A Neoliberal “Wall of Values”

The far right’s strong performance in elections was for decades an insurance policy for left- and right-wing neoliberals: any moderate, no matter how bland, could easily get elected provided he stood against a political party widely perceived as unacceptable and offensive. Jean-Marie Le Pen’s share of the vote in the 2002 French presidential election did not grow significantly between the first and second rounds (16.8% to 17.8%), but Jacques Chirac’s surged from 19.8% to 82.2%. Emmanuel Macron won in a similar, though less spectacular, fashion in 2017.

Neoliberals hope that what worked with the far right will work with the left. To block any progress it might make, they are trying to build a ‘wall of values’ that will make the left suspect. They hope this will force people who can no longer bear the government’s policies to put up with them, because they will deem those of its most powerful adversaries even worse.

As if by chance, the left has been accused of antisemitism simultaneously in France, the UK and the US. Once a target is selected, all one need do is find a clumsy, outrageous or contemptible opinion expressed, say on Facebook or Twitter, by a member of the political movement one intends to discredit (the UK Labour party has more than 500,000 members). Then the media take over. One can also destroy an opponent by pretending they have expressed antisemitic prejudices they do not hold — such as ‘democracy/journalism/the financial sector is controlled by Jews’ — as soon as they criticise the oligarchy, the media or a bank.

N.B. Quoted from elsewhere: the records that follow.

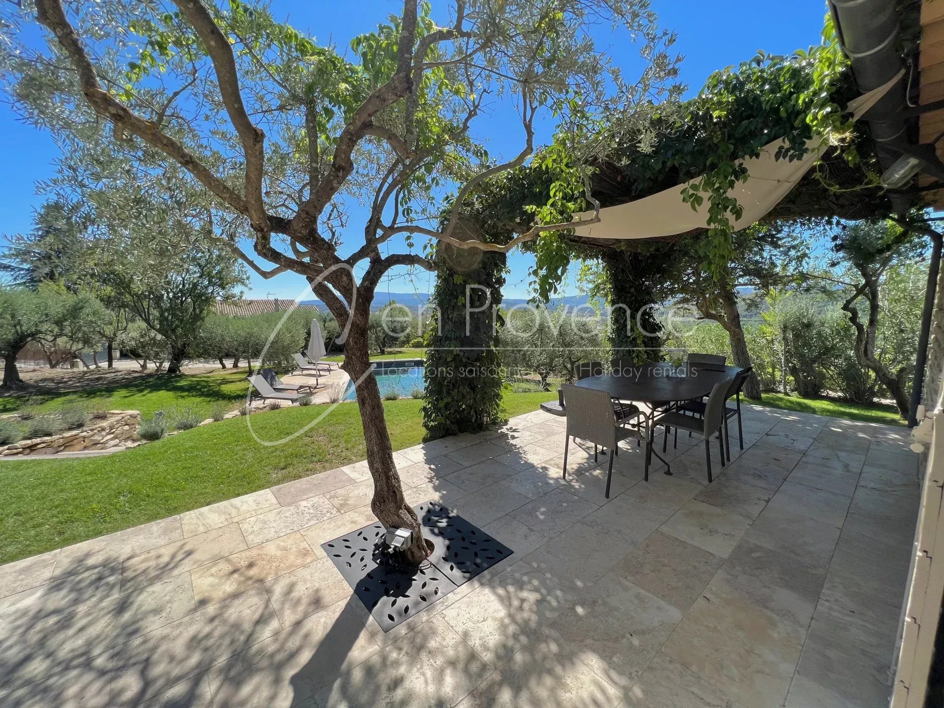 La propriété bénéficie d’une situation privilégiée : toute proche d’un village à pied avec ses commerces et d’une vue dégagée sur le Luberon et sa vallée. Cette location de vacances est disponible tout au long de l’année.
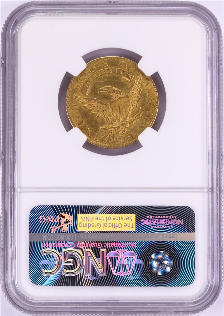 One 1807 $5 Capped Bust Half Eagle Gold Coin NGC AU55 BD-8. NGC Certified.
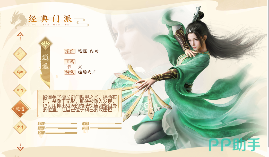 之后来说下逍遥这个门派。这个门派的控制能力很强,擅长在战斗中用各种阵法来攻击敌人,可以对敌人造成火属性伤害。由于攻击手段特别,他的上手难度还是很高的,很难玩好。
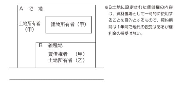 例えば、次の図のように、甲が、その所有するA土地に隣接するB土地を資材置場として一時的に使用する目的で、契約期間を1年として乙から賃借している場合は、A土地と一体としてB土地を利用していますが、その賃借権の契約期間が短いことによりその賃借権の価額を評価しないため、甲が所有する土地のみを1画地の宅地として評価します。
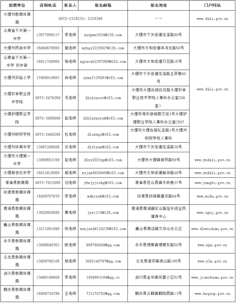 ?。ㄋ模┛h市招聘工作進展情況、有關(guān)事宜在縣市人民政府網(wǎng)站查詢;州級招聘單位工作進展情況、有關(guān)事宜在大理州人民政府門戶網(wǎng)站查詢。報考人員因查看其他渠道的錯誤信息造成的報考失誤,由報考人員負責。
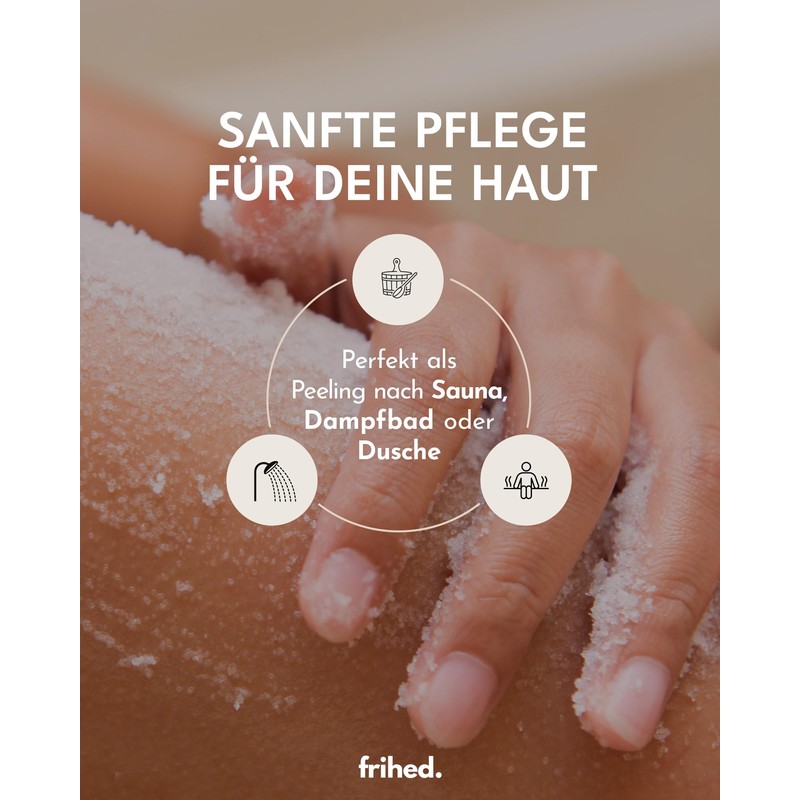 frihed.® Sauna Salt | Salt Scrub with Lavender, Mint & Menthol | Shower and Body Scrub for Sauna, Shower or Steam Bath | Body Scrub for Skin Regeneration (Winter Bloom, 200 g)

Philosopher Alain Finkielkraut recently claimed that ‘If [Jeremy] Corbyn was in Downing Street, you could say that, for the first time since Hitler, an antisemite was leader of a European country’ (1). According to President Donald Trump the situation is just as bad in the US because, with the election of a number of leftwing militants to Congress, ‘The Democrats have become an anti-Israel party. They’ve become an anti-Jewish party.’ (He later said, ‘The Democrats hate Jewish people.’) Bernard-Henri Lévy has even dared to compare French journalist and leftist National Assembly member François Ruffin to Lucien Rebatet, author of the antisemitic pamphlet Les Décombres; to Xavier Vallat, commissioner-general for Jewish affairs in Vichy France; and to Robert Brasillach, a Nazi collaborator executed after the liberation of France. Lévy, a professional defamer, claimed to detect in Ruffin a ‘conscious or unconscious echo of the style of Gringoire’ (2), a magazine dripping with antisemitic hatred; its most notorious smear campaign drove a minister of the interwar leftwing Front Populaire government to suicide.

Jews have been murdered by antisemites in France and the US. This tragedy is now turned into an ideological weapon used by Trump, the Israeli government and mendacious intellectuals. If we must build a cordon sanitaire, let it protect us against those who purposely accuse their adversaries of an infamy of which they know they are innocent.

Translated from the French by Charles Goulding.

Notes.

(1Alain Finkielkraut: ‘Ich bin kein Opfer’ (I am not a victim), Die Zeit, Hamburg, 21 February 2019.

(2Bernard-Henri Lévy, ‘Il faut franchir le “point Godwin”’ (We must move beyond the ‘Godwin point’), Le Point, Paris, 7 March 2019.